**Data shown**
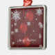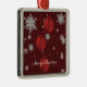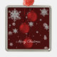 Décorez votre sapin de Noël en cette période de fêtes avec un ornement de Noël rouge. Le design ornemental comprend un trio d'ornements de Noël suspendus avec des flocons de neige en chute et un arrière - plan rouge foncé. Autres cadeaux et objets de vacances disponibles avec ce design aussi.
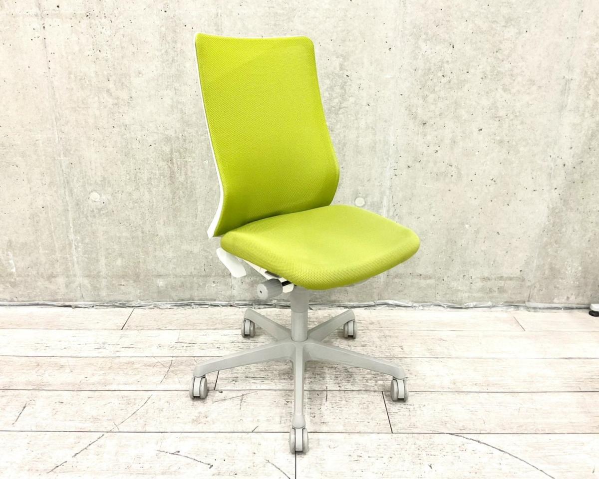 【在庫入替セール品】【夏でも蒸れにくいメッシュチェア!】■オカムラ(okamura)製 フルーエントチェア 肘無ハイバック 背面メッシュ ■グリーン【弊社使用欄:A01021117 K】【ID】サーキュラーバリューCO2削減量の算出について
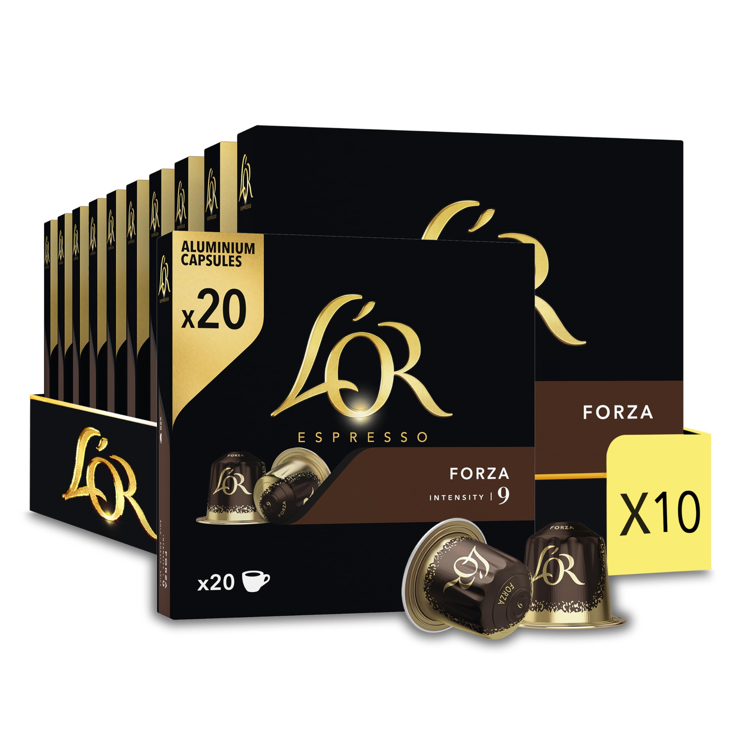 L'Or Espresso Café - 200 Capsules Forza Intensité 9 - compatibles Nespresso (lot de 10 x 20)
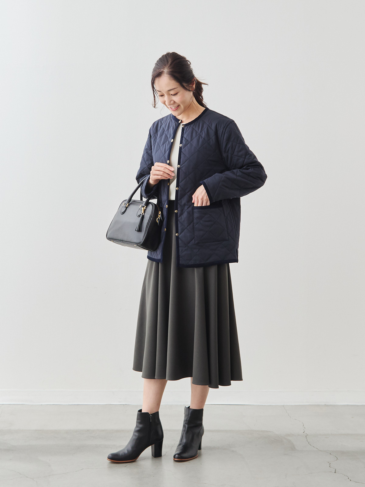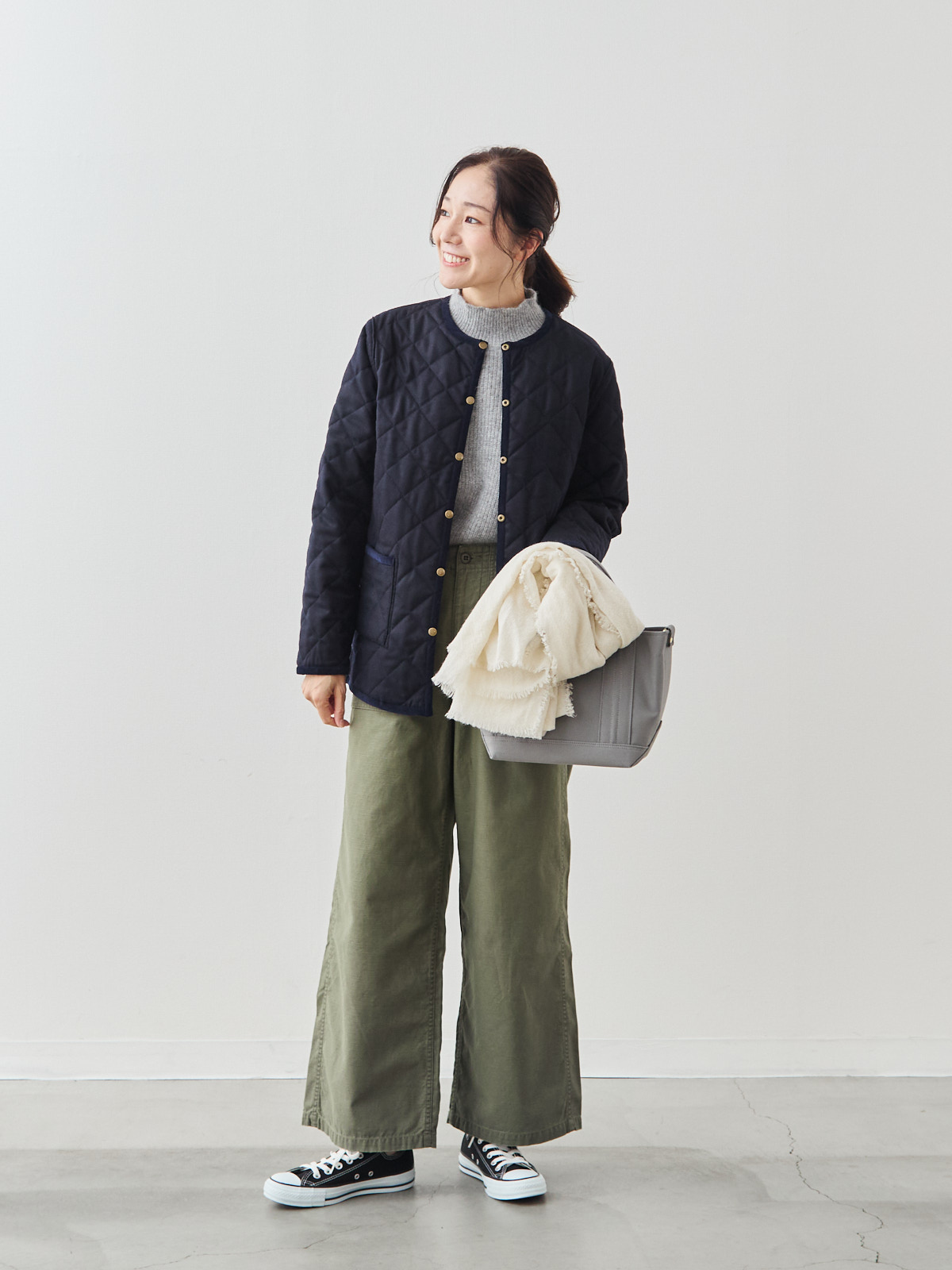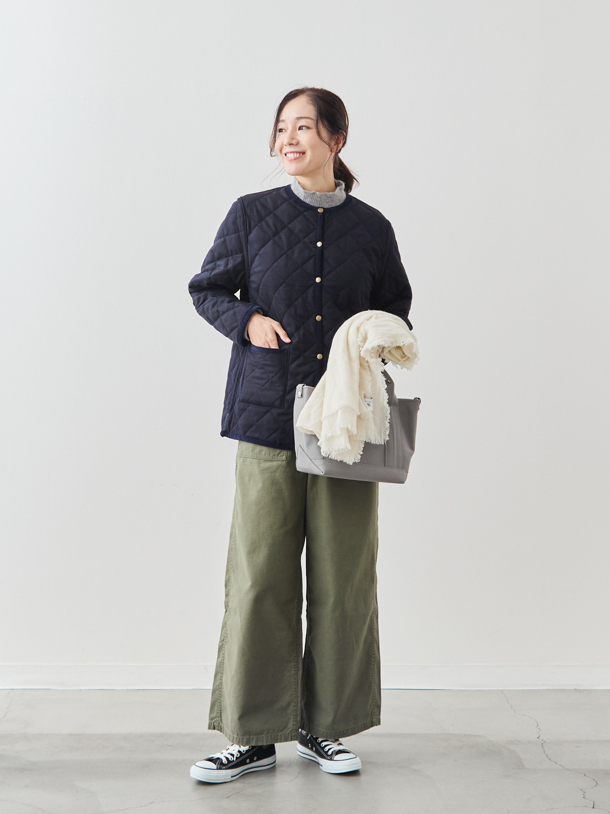 リバーシブルキルティングコート/ネイビー

**Required action**
All of the listing should be transcribed exactly, but none of its images.

**Exercise solution**
 Décorez votre sapin de Noël en cette période de fêtes avec un ornement de Noël rouge. Le design ornemental comprend un trio d'ornements de Noël suspendus avec des flocons de neige en chute et un arrière - plan rouge foncé. Autres cadeaux et objets de vacances disponibles avec ce design aussi.
 【在庫入替セール品】【夏でも蒸れにくいメッシュチェア!】■オカムラ(okamura)製 フルーエントチェア 肘無ハイバック 背面メッシュ ■グリーン【弊社使用欄:A01021117 K】【ID】サーキュラーバリューCO2削減量の算出について
 L'Or Espresso Café - 200 Capsules Forza Intensité 9 - compatibles Nespresso (lot de 10 x 20)
 リバーシブルキルティングコート/ネイビー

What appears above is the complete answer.